As the deal took shape, a stabbing in France by a Syrian man who was granted asylum in Sweden, 10 years ago, drew fresh attention to Europe’s migration policies, highlighting political as well as practical challenges lying ahead of any EU migration scheme.
Here are details of the EU agreement, the main question marks and what comes next.
Why does it matter?
EU states have been trading blame over providing for the new arrivals since more than a million people – mostly fleeing the war in Syria – caught the bloc by surprise by reaching it across the Mediterranean in 2015.
The bloc has since tightened external borders and its asylum laws, and struck deals in the Middle East and North Africa to have more people stay there.

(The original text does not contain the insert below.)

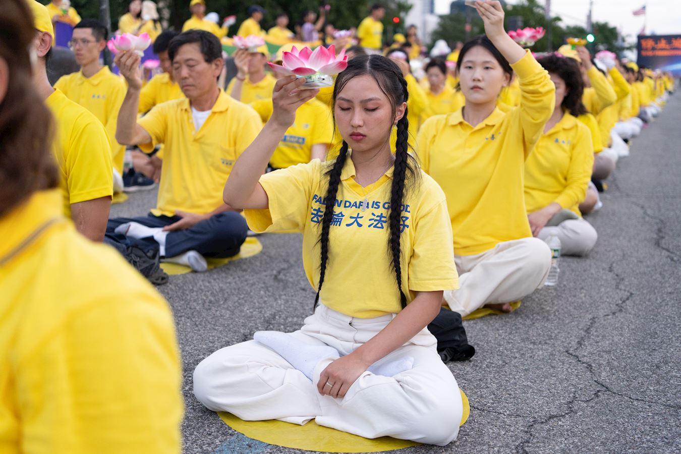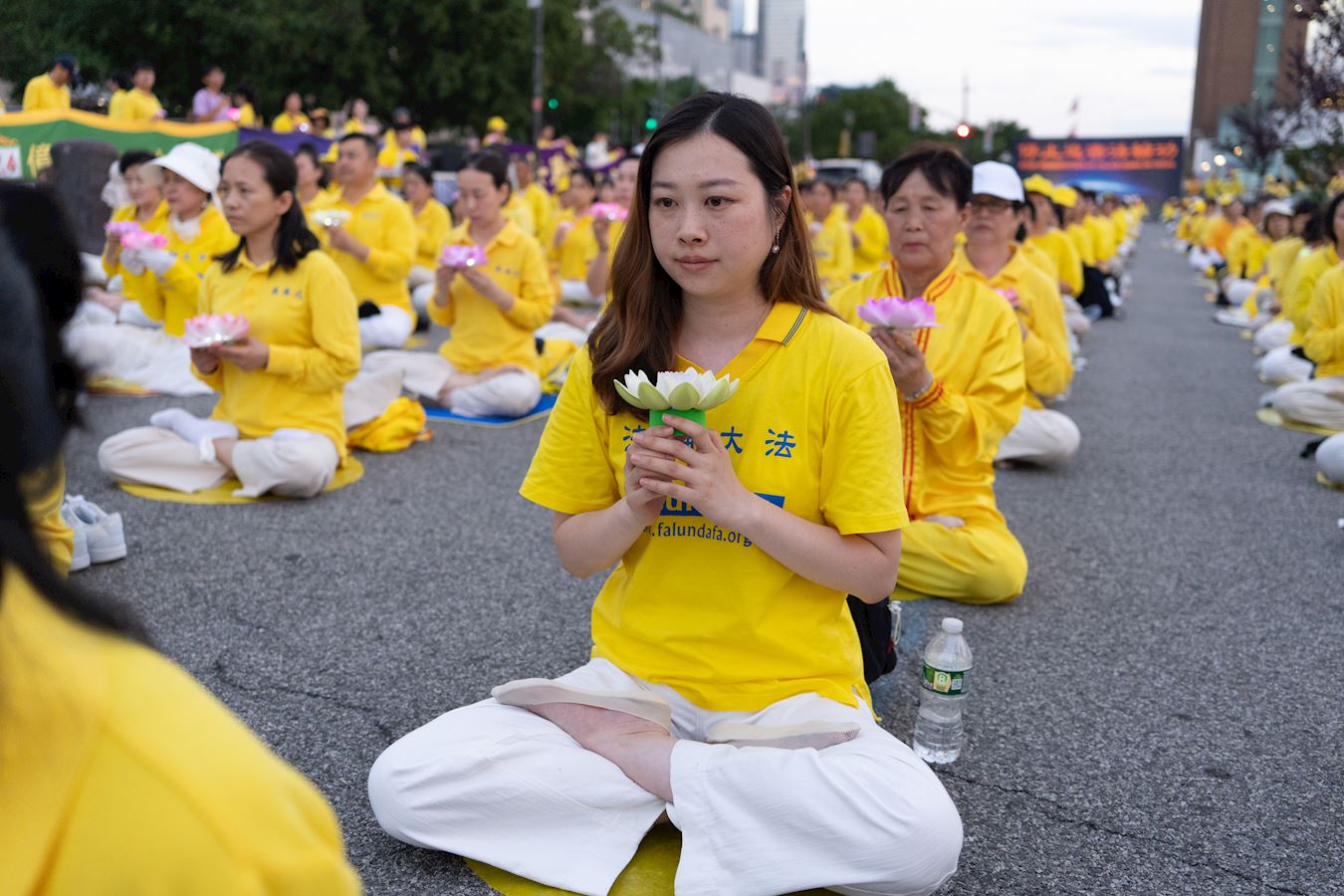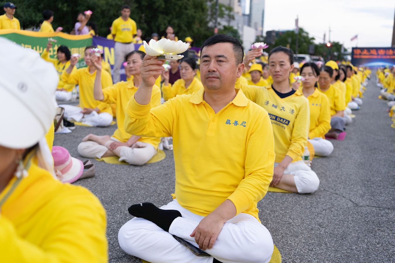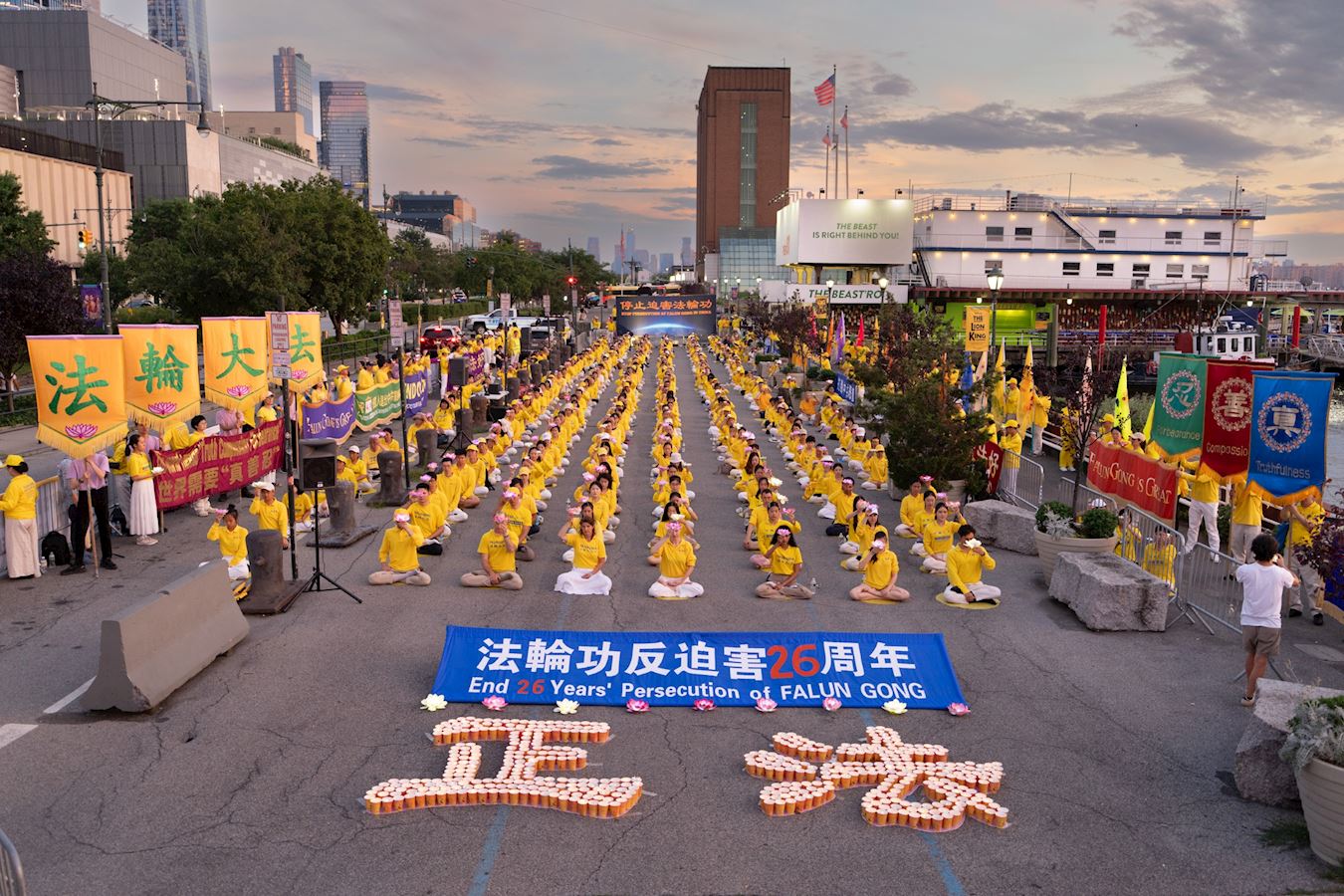 【明慧网二零二五年七月二十三日】二零二五年七月二十日傍晚,纽约部分法轮功学员在中共驻纽约领事馆对面的哈德逊河畔,举行烛光夜悼,悼念二十六年来被中共迫害离世的法轮功学员,呼唤正义良知,要求中共停止迫害。 来自不同族裔、不同年龄的法轮功学员们用横幅筑起一道道“真相长城”:“法轮大法”“ 真、善、忍”“停止迫害法轮功”“制止中共活摘法轮功学员器官”“打倒中共恶魔”“庆祝4.49亿人退出中共党团队”“法轮大法洪传世界”。同时集体炼功,向过往民众展示平和的法轮功功法,讲述法轮功真相。

UN data shows fewer than 160,000 sea migrants made it to Europe last year.
The bloc hopes lower irregular immigration would allow EU countries to re-start cooperation to spread more evenly the task of taking care of arriving refugees and migrants.
How does the new pact address this?
Each EU country would be assigned a share of the 30,000 people, overall, the bloc is expected to accommodate in its joint migration system at any given time.
That will be calculated based on the size of the country’s GDP and population, the number of irregular border crossings, including via sea rescue operations, and more.
Countries unwilling to take in people would, instead, be able to help their hosting peers through cash – at least 20,000 Euros ($22,000) per person a year – equipment or personnel.
What else is new?
The agreement would introduce a new expedited border procedure for those deemed unlikely to win asylum, to prevent them from lingering inside the bloc for years.
Instead, they should be sent away within six months if their asylum applications fail, one of several shortened deadlines in the deal.
That mechanism would apply to all those deemed dangerous, uncooperative or coming from countries with low asylum recognition rates in the EU, like India or Serbia.
EU countries could also apply the speedy procedure to people picked up in the sea, caught while trying to get in illegally or filing for asylum at the border, rather than in advance.
Will it work in practice?
Before eventually endorsing it, Italy and Greece voiced concerns about whether the new system would prove workable, given some states’ refusal to host people.
The southern countries of arrival worry about being overwhelmed, while those further away from the bloc’s external borders tend to drag their feet on admitting arrivals and complex solidarity schemes take time to kick in.
Another challenge is keeping close tabs on the movements of people, once they get inside Europe’s zone of free travel.
What other issues are there, and who is against?
Rights groups said the scheme risked reviving tragic scenes that unfolded on the Greek islands several years ago, by creating more overcrowded migration camps on the edges of the EU.
They said the new plan could lead to protracted detention of minors and criticised it as focusing on keeping people away, rather than helping those in need.
Criticism also came from Poland and Hungary, the EU’s loudest voices against immigration from the Middle East and Africa.
Warsaw “will not pay for migration policy mistakes” by others, said Mateusz Morawiecki, the Premier of Poland, which refuses to host any of the mainly-Muslim arrivals, though it has given shelter to millions of Ukrainians fleeing Russia’s war.
What comes next?
Opposition from Warsaw and Budapest did not, however, scupper the majority deal among the 27 EU countries. Spain will now lead more negotiations on behalf of the member states with the European Parliament starting next month.
Green members of the EU legislative denounced the deal as falling short on human rights. They might be joined in opposing it by political rivals from Poland’s ruling Law and Justice (PiS) party, and Hungary’s Fidesz.
But the deal is expected to eventually win enough backing, with the head of the chamber raising hopes for a final agreement before a bloc-wide election in 2024.